Son appréciation se base sur des éléments concrets et propres à la cause, cette appréciation
étant la mission des juridictions de fond.

o La motivation des décisions judiciaires et le droit à un double degré de juridiction : en


principe, toute décision juridictionnelle prise par un juge doit être motivé. Cela impose donc
de se livrer à un examen des moyens, des arguments et des offres de preuves des parties. De
même tout le monde doit avoir la possibilité d’exercer un recours contre une décision rendue
en première instance même si cela ne semble pas être toujours possible en Belgique.
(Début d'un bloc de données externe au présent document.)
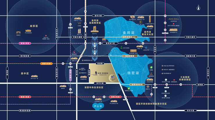 高端生活圈:双湖交汇处,尽享城芯繁华。4公里范围左右,汇聚了李公堤、金鸡湖高尔夫俱乐部、凯宾斯基大酒店、月亮湾国际中心等高端商业/生态配套。15分钟可到达苏州中心、W酒店、山姆会员店等大型高端商区,尽享双湖繁华。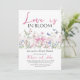 Célébrez la mariée d'être avec cet Amour est dans le thème de Bloom Fleur sauvage rose Bow Floral Shower Invitation! Ce charmant design est composé d'un arc, de papillons et de fleurs aux couleurs rose, bleu et vert, parfaits pour une soirée sur le thème du jardin. Customisez les détails sans effort pour créer l'invitation parfaite pour votre événement spécial.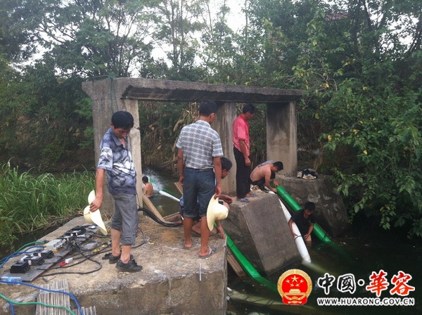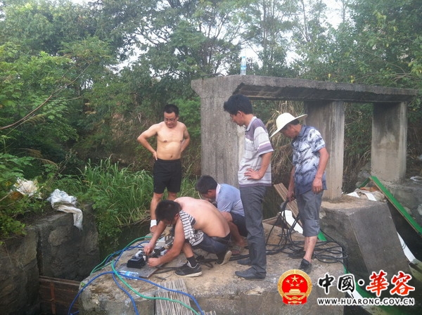 下图是乡村两级干部和水管站技术人员在烈日下抢修机埠
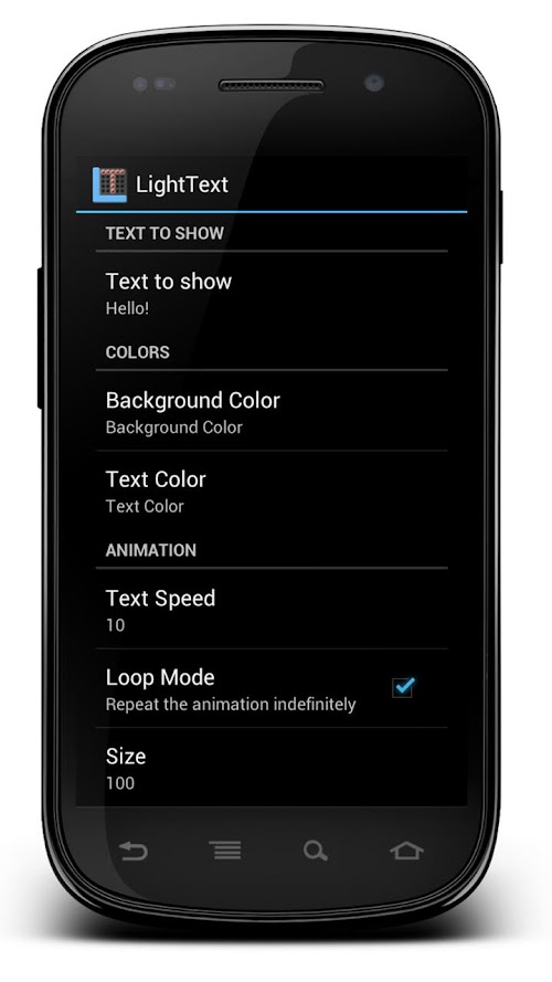 This version of LightText Android App comes with one universal variant which will work on all the Android devices.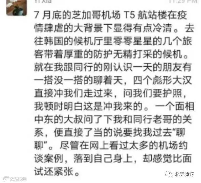 这位网友表示上个月底他买到了从芝加哥转韩国再回国的机票。当他到达芝加哥机场候机楼时,4名工作人员无厘头的表示要检查他的护照并让他去“聊聊。”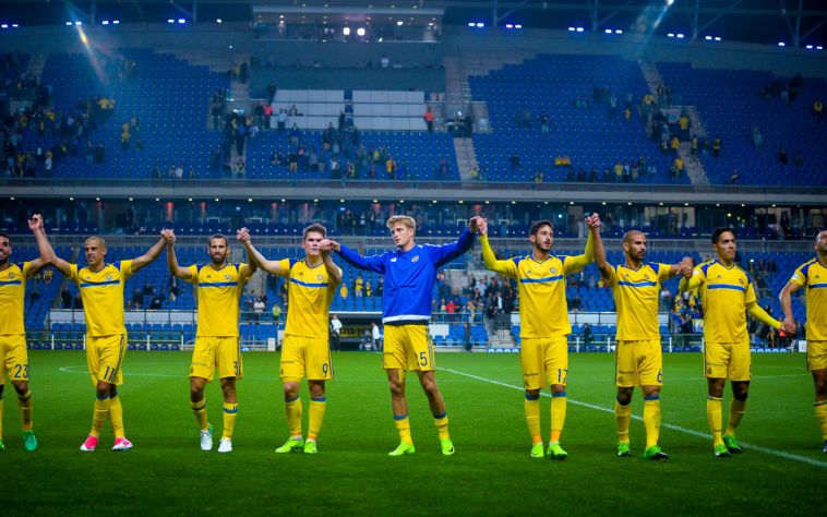 שחקני מכבי ת"א על רקע היציע המערבי שהתרוקן מיד עם השריקה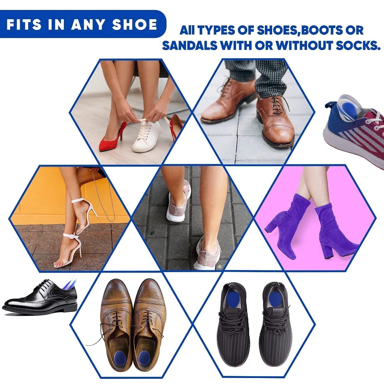 The comfortable gel heel cups can be worn in most shoe styles, including athletic shoes, dress shoes and boots, with or without socks.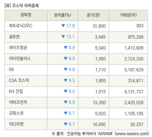 [fnRASSI]장마감, 코스닥 하락 종목(루트로닉3우C -17.8% ↓)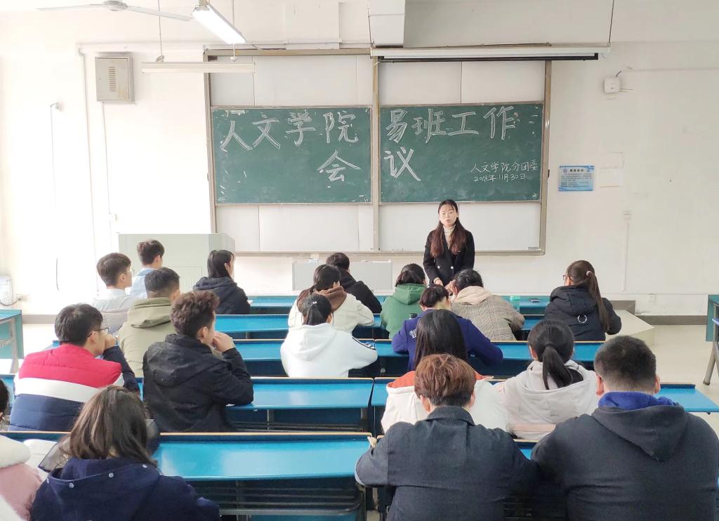 11月30日中午,人文学院在新知楼A108教室召开易班工作会议。辅导员曹珊珊、学院易班工作站成员和各班级宣传委员参加了此次会议。会议由学院易班工作站站长韩神贵主持。

o Le droit à la liberté individuelle est consacré à l’article 5 de la CEDH et limite la possibilité


de priver une personne de sa liberté. L’atteinte à celle-ci n’est possible que dans les cas prévus
par la loi, à certaines conditions énumérées de manière limitative.

o Le droit au respect de la vie privée et familiale : ce droit donne notamment droit à la


protection du domicile et de la correspondance et est mis en place par les articles 22, 15 et 29
de la Constitution ainsi que par l’article 8 de la CEDH. Ce droit n’est toutefois pas absolu et
certaines ingérences sont possibles pour autant qu’elles soient prévues par la loi (principe de
légalité) et qu’elles constituent une mesure qui, dans une société démocratique, est nécessaire
(principe de proportionnalité) aux buts poursuivis (principe de finalité).

o Le droit à l’égalité de traitement et à la non-discrimination : ce droit est contenu aux


articles 10 et 11 de la Constitution et se trouve très souvent appliqué dans le cadre du droit de
la procédure pénale et ce, sous l’impulsion de la Cour constitutionnelle.